Departing Cairo at what would seem a decadently late time (compared with our start time for Mount Sinai), our minibus sped towards Suez. Just before descending into the Ahmad Hamdi tunnel, it is possible to see huge ferries moving slowly along the Suez canal in the distance, in what seems an impossibly narrow space.

Driving alongside the Gulf of Suez for a while, the minibus makes its way inland to central Sinai, through huge expanses of beautiful, ever changing deserts (LEFT).

LEFT We make a brief stop to appreciate an oasis.

RIGHT At the oasis, Shelley (from Australia), Birgit (Canada), Norm (Canada), me, Kathy (Canada), and Gisela (Canada)

Having arrived at our hostel, we find out we have a 2.00am start the next day in order to climb Mount Sinai in time for sunrise.

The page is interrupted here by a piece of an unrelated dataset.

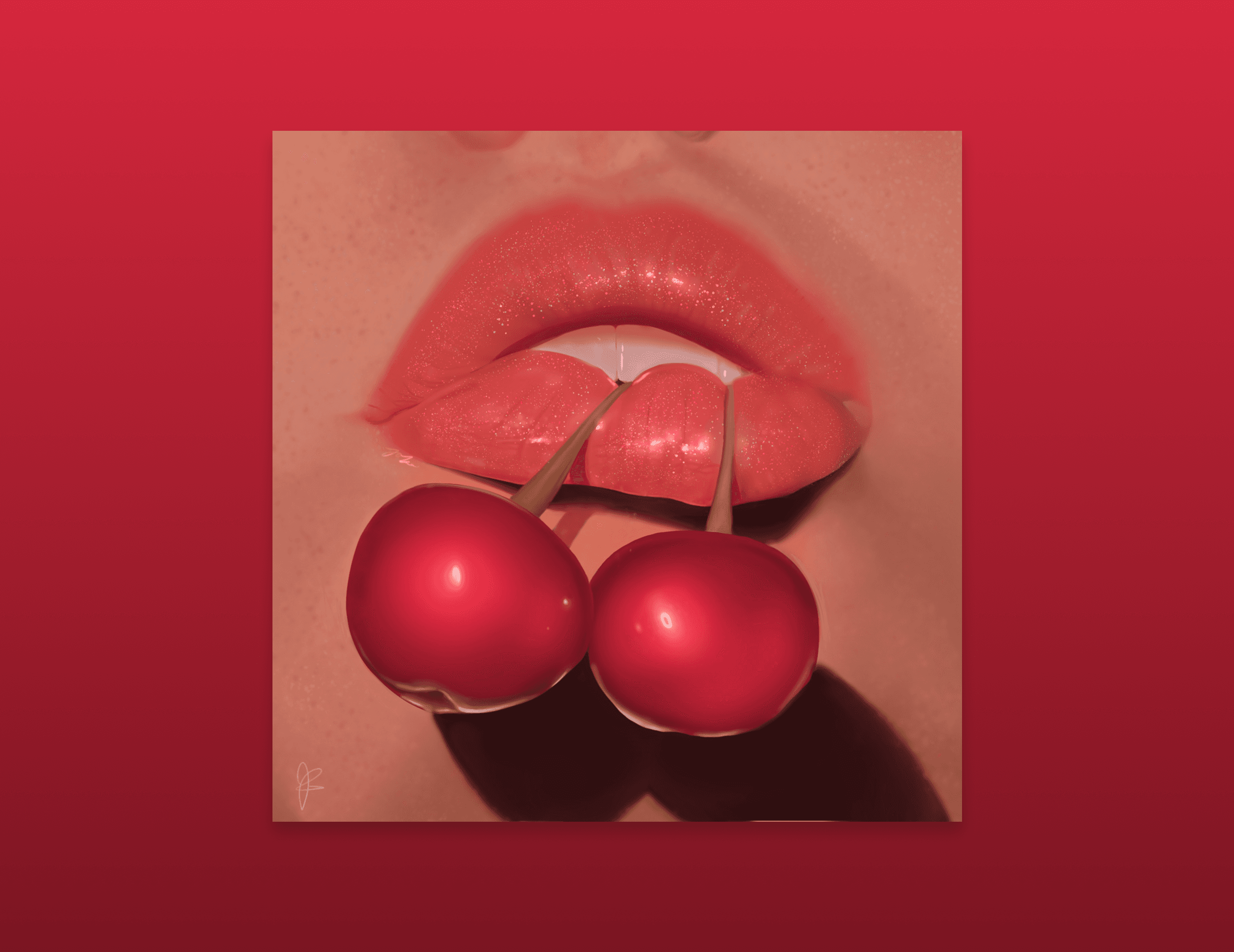 This piece aims to capture a subtle sense of sensuality and allure. In this artwork, I've focused on portraying the close-up of a woman's lips, painted with a rich crimson hue, gently holding a pair of ripe cherries. These cherries dangle delicately from her lips, symbolizing a tantalizing kiss and inviting viewers to explore the emotions hidden behind the image.

Aaaaaargh! We have a choice to either party until we have to leave, or attempt to catch a few hours of sleep... we take the soft option.

It's 2.30am, it's pitch dark, but the skies are brilliant with stars. However we don't have time to appreciate them, and certainly not while trying to stumble our way over to St Catherine's Monastery to begin our hike. We attempt to make a head start over the hordes of other groups surrounding the monastery, but struggle to find the beginning of the camel path up the mountain. Admitting defeat, our tour leader Wesley tells us to follow the crowds instead!

Shelley and I just manage to keep up with Kathy's breakneck pace up the winding path, jostling past other 'pilgrims', and veering out of the way of oncoming camels, led by persistent Bedouin tribesmen bartering for camel rides (though actually they were all running a monopoly together). However, looking back at the path below, it's quite an awe inspiring sight to see the long, continuous trail of torchlights following from behind, stretching as far as the eye can see.

Reaching the top of the mountain some time after 5am, we scramble around the rocks to find a good location to sit. Having made ourselves comfortable, Shelley suddenly points out we don't know which way is East. Thankfully there are many Bedouin people about, hiring out blankets and mattresses, so she asks one where the sun will rise. Finding out we were facing the wrong direction, we scamble about on the rocks again. Finding a convenient location, we shift uncomfortably in the freezing cold for the next hour, wondering what on earth possessed Moses to ever come up this mountain in the first place. We're also beginning to wonder ourselves why we're there... it's certainly not for the 10 commandments!

ABOVE Kathy, me and Shelley, freezing as the sun rises.

LEFT 6.15am, and the sun begins to emerge over the mountains.

BELOW LEFT Me on the summit of Mount Sinai, gazing over a breathtaking view of the mountains after the sun has risen.


ABOVE Hordes of people start to descend the mountain. Our tour guide, Muhammed, reckons there were 5,000 people at the summit that morning...

ABOVE LEFT Me, overlooking surrounding mountains.

RIGHT Kathy and me.

LEFT One of many camels to find fewer takers for a ride back down the mountain.